Mandingo Osceola Tshaka
Mandingo Osceola Tshaka (QNS/File)

Former Queens Community Board 11 member and Bayside civic leader Mandingo Osceola Tshaka passed away May 10, just two days before his 91st birthday, at Hillside Manor Nursing Home in Jamaica.

In addition to serving for 17 years on the community board, Tshaka served as president of his civic association, Bayside Clear Spring, as well as co-chair of the Olde Towne of Flushing Burial Ground Conservancy.

During his time on the board, Tshaka fought to rid the streets of drug dealers; establish a playground behind M.S. 158 on Oceania Street; and lift the area surrounding his Bell Boulevard home south of Northern Boulevard out of the poverty designation in which the government had placed it.

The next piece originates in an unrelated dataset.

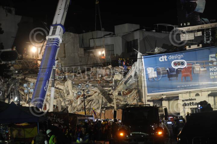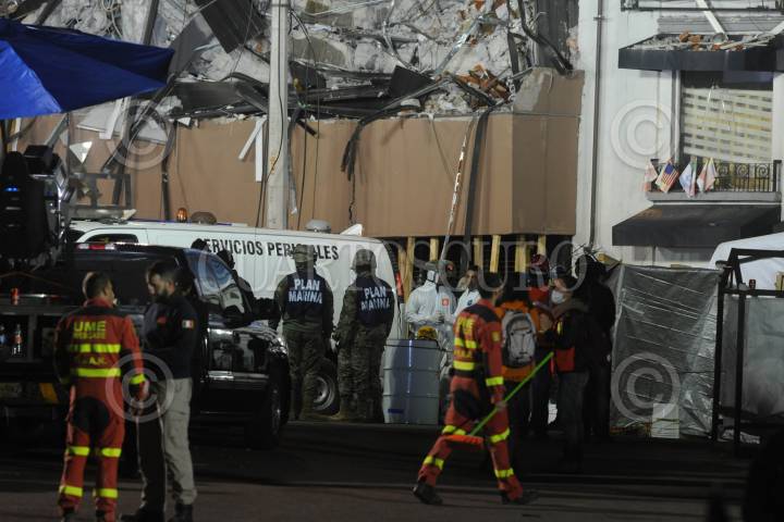 CIUDAD DE MÉXICO., 29SEPTIEMBRE2017.- Esta madrugada fueron rescatados 3 cuerpos sin vida, de este edificio colapsado en Álvaro Obregón 286 en la colonia Roma Norte, por parte de rescatistas españoles que siguen laborando en este lugar. FOTO: LUIS CARBAYO /CUARTOSCURO.COM

In 2014, with assistance from friend Merle English, Tshaka published a memoir detailing his life. Titled “Mandingo Osceola Tshaka: Fearless,” the nearly 300-page memoir detailed his early life being raised by his grandmother in Bayside, his rise to musical fame as a singer for the doo-wop group The Ink Spots and his return to Queens, where he became a driving force for many community projects.

Throughout his lengthy career serving the community, one of his biggest accomplishments was getting the federal government to admit that slave labor was used to build the White House. According to him, this fact had been hidden in American history for a long time.

During his time chairing Olde Town of Flushing Burial Ground Conservancy, Tshaka dedicated many years to get the 19th-century cemetery the dignity and respect he felt it deserved. Up to 1,000 people have been buried there.

Queens Memory, the digital archives program at Queens Public Library, remembered Tshaka’s extensive activism for work and with the burial ground.

Tshaka’s Bayside home on 46th Avenue has belonged to his family for over a century. He referred to himself as “Bayside’s One of a Kind.”